START Source data

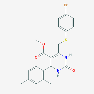 Methyl 6-{[(4-bromophenyl)sulfanyl]methyl}-4-(2,4-dimethylphenyl)-2-oxo-1,2,3,4-tetrahydropyrimidine-5-carboxylate is a complex organic compound with potential applications in various fields such as chemistry, biology, and medicine. This compound features a tetrahydropyrimidine core, which is a common scaffold in medicinal chemistry due to its biological activity.
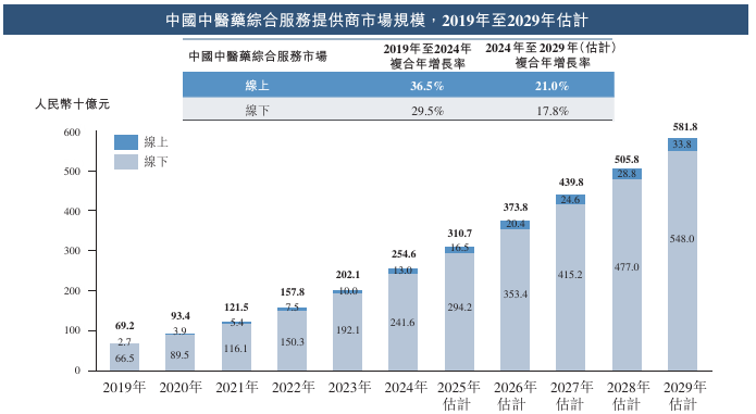 在有利政策、健康消费升级及技术整合的支持下,中国中医药综合服务市场已展现强劲的增长势头。虽然线下分部仍然规模庞大,但线上综合中医药服务市场已成为关键的增长引擎,由2019年的人民币27亿元扩大至2024年的人民币130亿元,复合年增长率为36.5%。
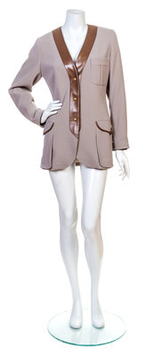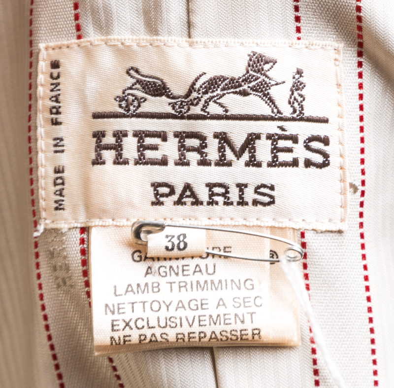with brown leather trim, decorative goldtone logo snap closure at the front and the cuffs, two flap pockets and one patch pocket. Labeled: Hermes.
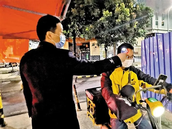 民治街道上芬社區(qū)網(wǎng)格員在卡點(diǎn)為進(jìn)出人員進(jìn)行體溫檢測(cè)。
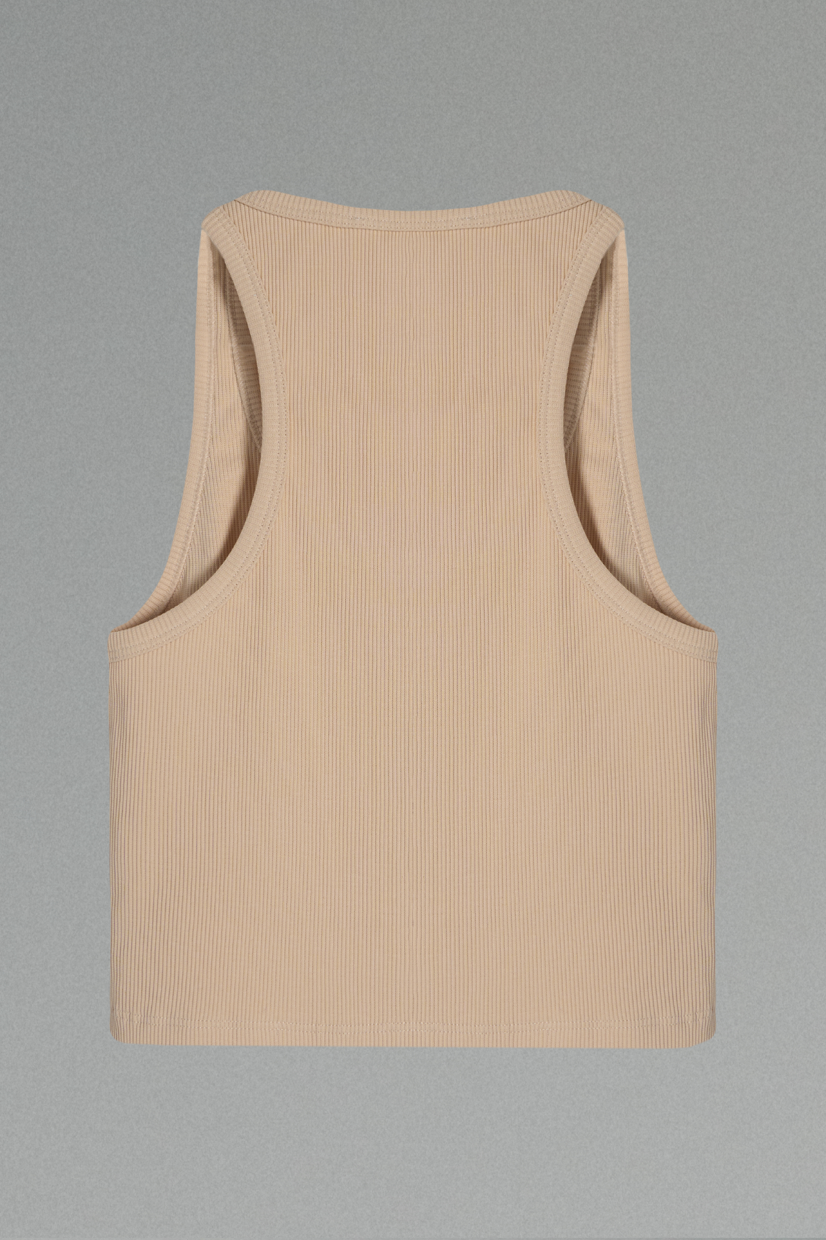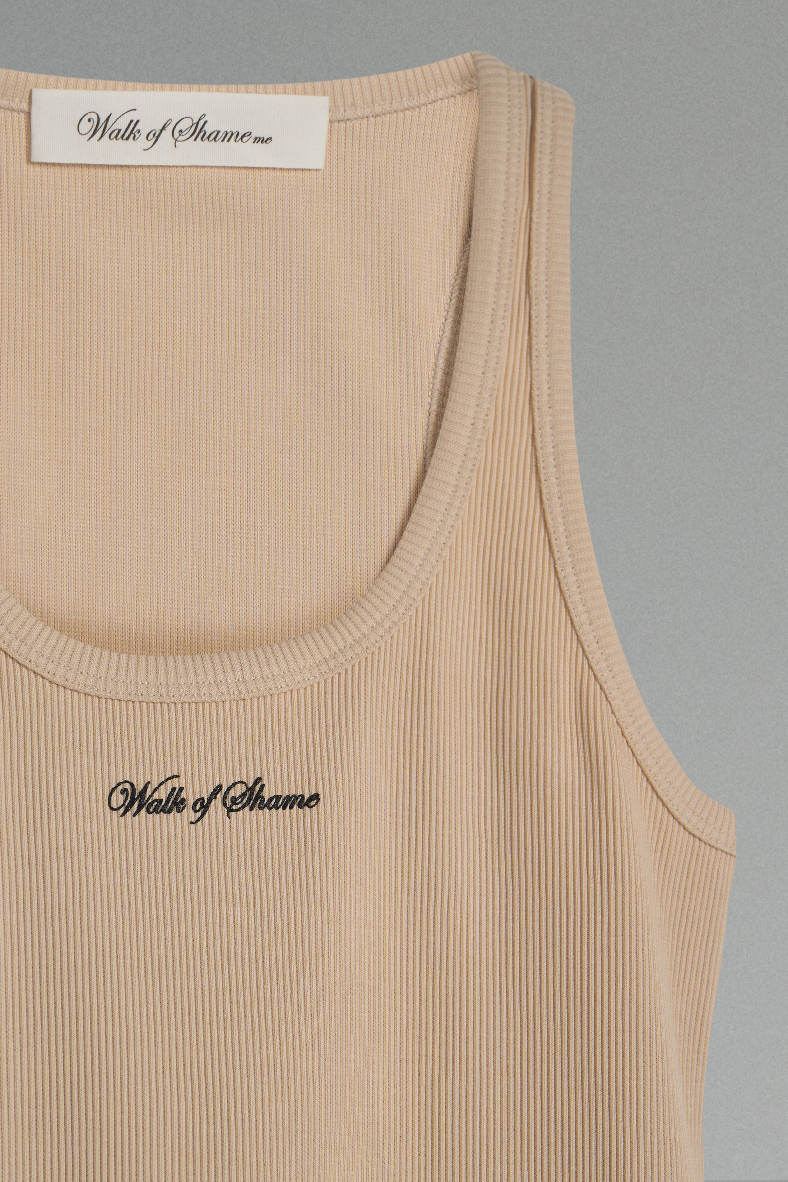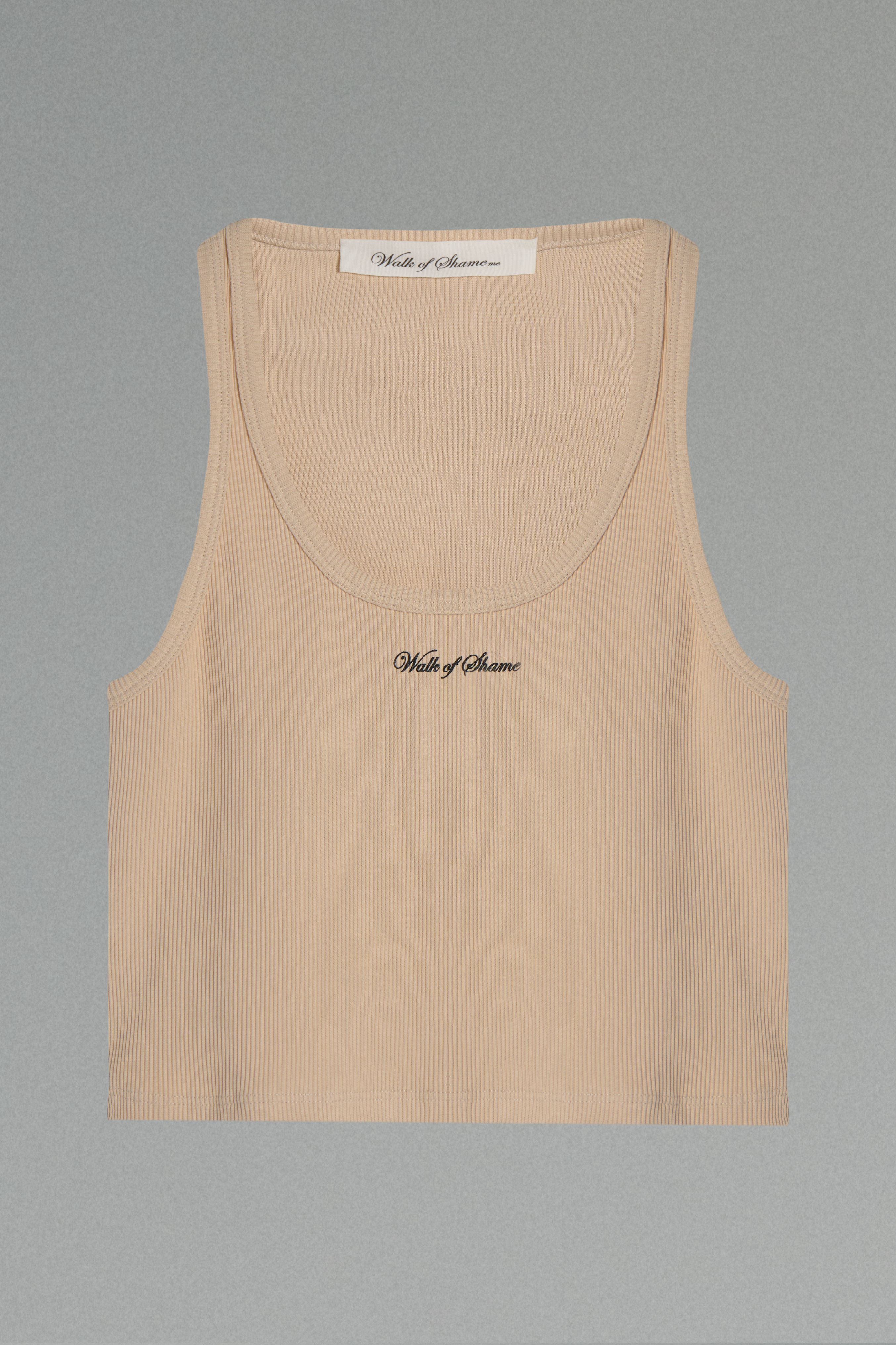 Бежевый кроп-топ c логотипом бренда Walk of Shame. Модель приталенного кроя.

END Source data

--- Work to complete ---
Please reproduce verbatim the lines from the line with "with brown leather" through the final line of the listing, inclusive of both ends. Omit all pictures.

--- Exercise answer ---
with brown leather trim, decorative goldtone logo snap closure at the front and the cuffs, two flap pockets and one patch pocket. Labeled: Hermes.
 民治街道上芬社區(qū)網(wǎng)格員在卡點(diǎn)為進(jìn)出人員進(jìn)行體溫檢測(cè)。
 Бежевый кроп-топ c логотипом бренда Walk of Shame. Модель приталенного кроя.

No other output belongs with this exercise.